What to do:
Find the line with "- Herrajes: Importados" in the records below. Output exactly from there until after the line with "週に一回、お弁当作ってるので", without pictures.

Records to use:

# # # #

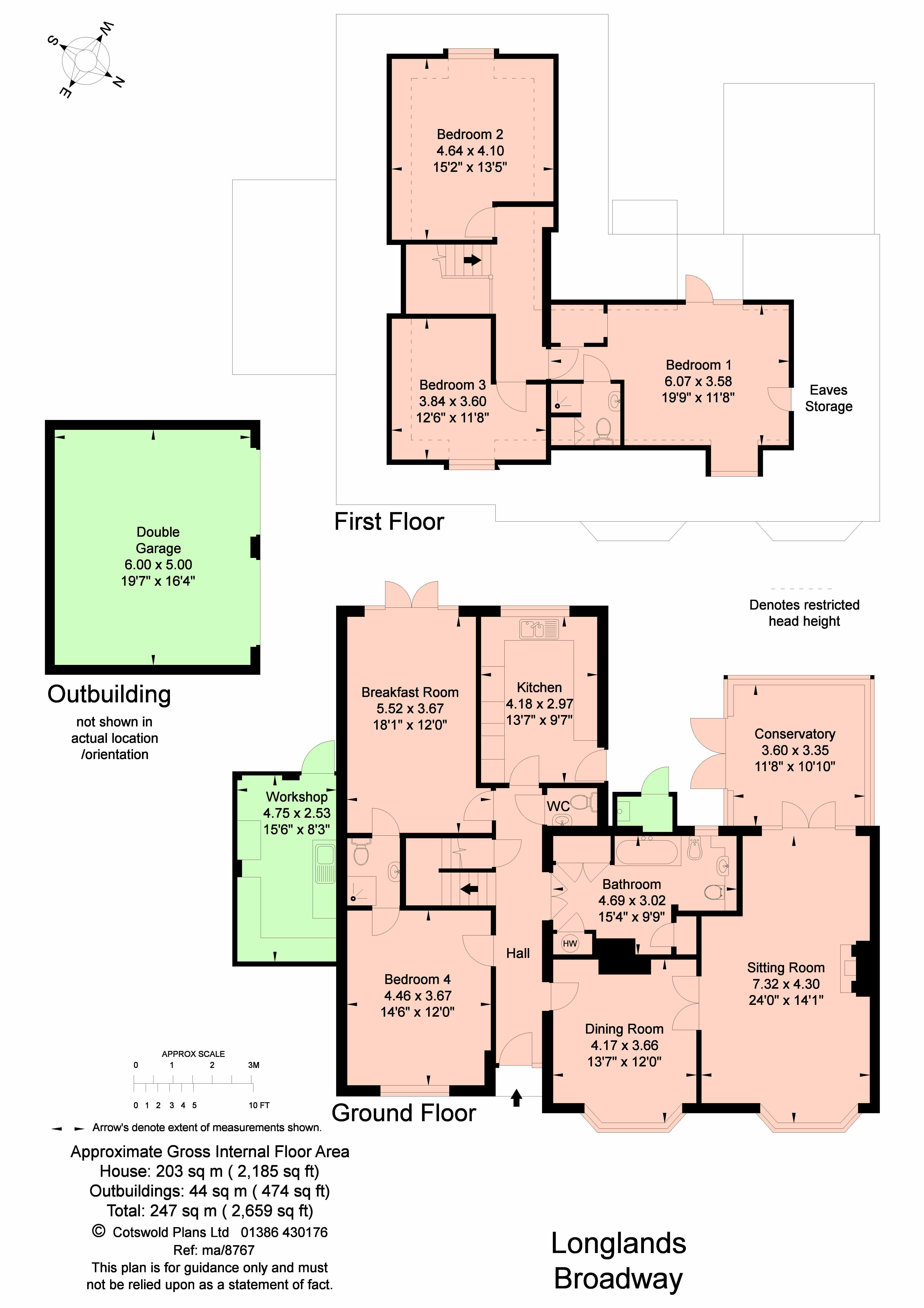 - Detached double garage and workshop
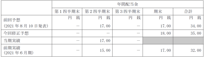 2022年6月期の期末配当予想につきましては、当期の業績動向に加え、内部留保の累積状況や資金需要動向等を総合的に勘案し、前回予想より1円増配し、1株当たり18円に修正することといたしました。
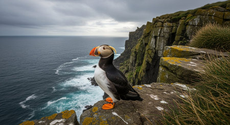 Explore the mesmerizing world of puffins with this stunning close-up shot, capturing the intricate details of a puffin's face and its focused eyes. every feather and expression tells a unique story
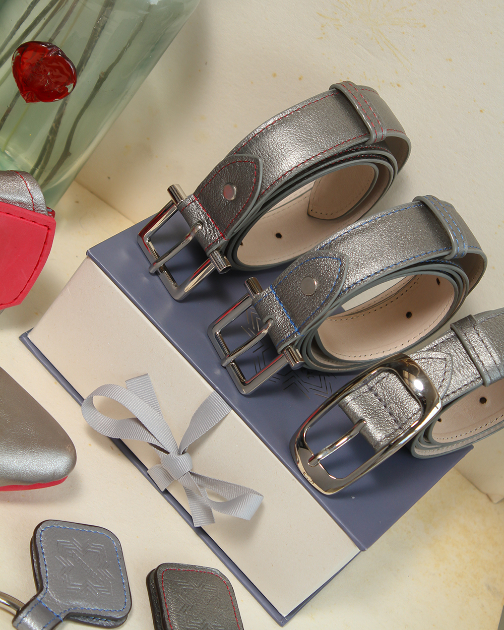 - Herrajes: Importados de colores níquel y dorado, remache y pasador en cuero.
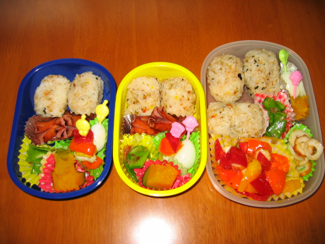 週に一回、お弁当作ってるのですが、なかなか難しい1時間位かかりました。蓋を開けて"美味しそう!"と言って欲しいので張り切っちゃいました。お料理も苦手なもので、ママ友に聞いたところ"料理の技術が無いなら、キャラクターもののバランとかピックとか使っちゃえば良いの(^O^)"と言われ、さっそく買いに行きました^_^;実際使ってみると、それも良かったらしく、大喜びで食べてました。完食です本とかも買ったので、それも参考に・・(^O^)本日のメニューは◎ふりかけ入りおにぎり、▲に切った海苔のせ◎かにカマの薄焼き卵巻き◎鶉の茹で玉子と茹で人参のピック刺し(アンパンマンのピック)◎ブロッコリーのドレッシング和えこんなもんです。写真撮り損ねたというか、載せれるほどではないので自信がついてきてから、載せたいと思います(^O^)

# # # #

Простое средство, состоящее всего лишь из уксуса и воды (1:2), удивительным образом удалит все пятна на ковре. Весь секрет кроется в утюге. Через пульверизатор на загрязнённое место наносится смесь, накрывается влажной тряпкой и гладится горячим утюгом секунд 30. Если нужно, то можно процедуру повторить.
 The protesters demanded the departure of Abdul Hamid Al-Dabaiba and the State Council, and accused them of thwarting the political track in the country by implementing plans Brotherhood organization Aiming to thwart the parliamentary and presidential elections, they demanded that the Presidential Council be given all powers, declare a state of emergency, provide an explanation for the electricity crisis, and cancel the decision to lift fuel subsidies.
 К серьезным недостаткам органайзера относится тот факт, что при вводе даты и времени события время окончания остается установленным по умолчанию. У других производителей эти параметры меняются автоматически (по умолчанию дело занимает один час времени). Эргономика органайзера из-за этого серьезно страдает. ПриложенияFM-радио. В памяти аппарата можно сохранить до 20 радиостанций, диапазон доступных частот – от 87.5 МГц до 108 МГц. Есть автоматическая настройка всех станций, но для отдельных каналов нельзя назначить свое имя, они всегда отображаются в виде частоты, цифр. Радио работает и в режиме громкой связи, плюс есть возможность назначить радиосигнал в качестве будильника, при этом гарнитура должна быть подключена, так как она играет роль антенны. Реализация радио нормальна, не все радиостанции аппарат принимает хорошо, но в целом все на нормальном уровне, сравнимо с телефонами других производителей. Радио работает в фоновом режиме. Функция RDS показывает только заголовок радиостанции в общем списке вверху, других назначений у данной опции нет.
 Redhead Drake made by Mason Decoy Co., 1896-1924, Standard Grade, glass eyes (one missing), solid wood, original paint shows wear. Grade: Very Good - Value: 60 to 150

# # # #

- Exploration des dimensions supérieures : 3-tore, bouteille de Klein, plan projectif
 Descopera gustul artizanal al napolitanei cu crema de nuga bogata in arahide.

# # # #

Response for this exercise:
 - Herrajes: Importados de colores níquel y dorado, remache y pasador en cuero.
 週に一回、お弁当作ってるのですが、なかなか難しい1時間位かかりました。蓋を開けて"美味しそう!"と言って欲しいので張り切っちゃいました。お料理も苦手なもので、ママ友に聞いたところ"料理の技術が無いなら、キャラクターもののバランとかピックとか使っちゃえば良いの(^O^)"と言われ、さっそく買いに行きました^_^;実際使ってみると、それも良かったらしく、大喜びで食べてました。完食です本とかも買ったので、それも参考に・・(^O^)本日のメニューは◎ふりかけ入りおにぎり、▲に切った海苔のせ◎かにカマの薄焼き卵巻き◎鶉の茹で玉子と茹で人参のピック刺し(アンパンマンのピック)◎ブロッコリーのドレッシング和えこんなもんです。写真撮り損ねたというか、載せれるほどではないので自信がついてきてから、載せたいと思います(^O^)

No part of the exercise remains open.